I know that CS would help the child. However, I'm fully capable of making it on my own. I know that it would still be a struggle. BUT, I have my career and I could move closer to family who could help if need be.  Part of me wants him and his family to know that I would never choose to keep a child simply to A. be with someone who no women deserves (at least I know I deserve better) B. for his money. Besides I'm sure whatever cs I'd receive would simply go straight to child care. 

Does a man who isn't married to me have the right to demand a paternity test? I'm wondering if I can keep him off the birth certificate, raise the child on my own and not demand cs so that we could skip a custody battle and simply work out visitation rights with him so he can see the child. 

Any advice? Is this possible? Does it sound unreasonable? I also don't think having conversations about the child via email is correct. But I don't feel safe alone with him either. 

Re: Most a positive post though advice appreciated

  • This is just my two cents. I know where you're coming from. I don't want this BD to have anything to do with baby. But, I know that the baby deserves to have BOTH parents in Baby's life. And,  yes, BD has the right to file for paternity. He has a RIGHT to know his child. From what you've said, he won't make the effort. But, at least you can tell your LO that you did everything possible to make sure he had access to LO.
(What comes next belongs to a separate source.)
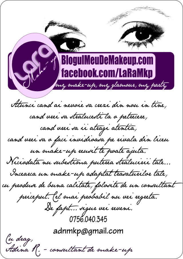 Cum am mai spus, cred ca o imagine valoreaza cat 1000 de cuvinte. Am machiat in acest week-end doua tinere si frumoase mamici, pentru petreceri de familie.. Sper ca am reusit sa le infrumusetez ziua/seara ;). Si nu uitati, folositi numai produse originale… (o sa va povestesc si de ce…). Ea este Ana… Iar ea […]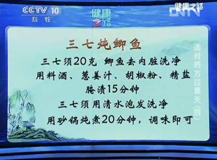 专家推荐药膳三七炖鲫鱼:三七须+鲫鱼

    The scariest thing for any single woman is that the father will flip and try to take the child away from you. Men know this, and they use it frequently. I guess so they can feel like they're in control of something. Not establishing paternity won't prevent that from happening. The best thing you can do is establish paternity and custody from the get go. Talk to your local Attorney General. The court is NOT going to take an infant away from the mother without REALLY REALLY good reason. I mean really good reason.

    Communicating through email ONLY is actually really smart. That way, everything is in writing. You never know when you might need it.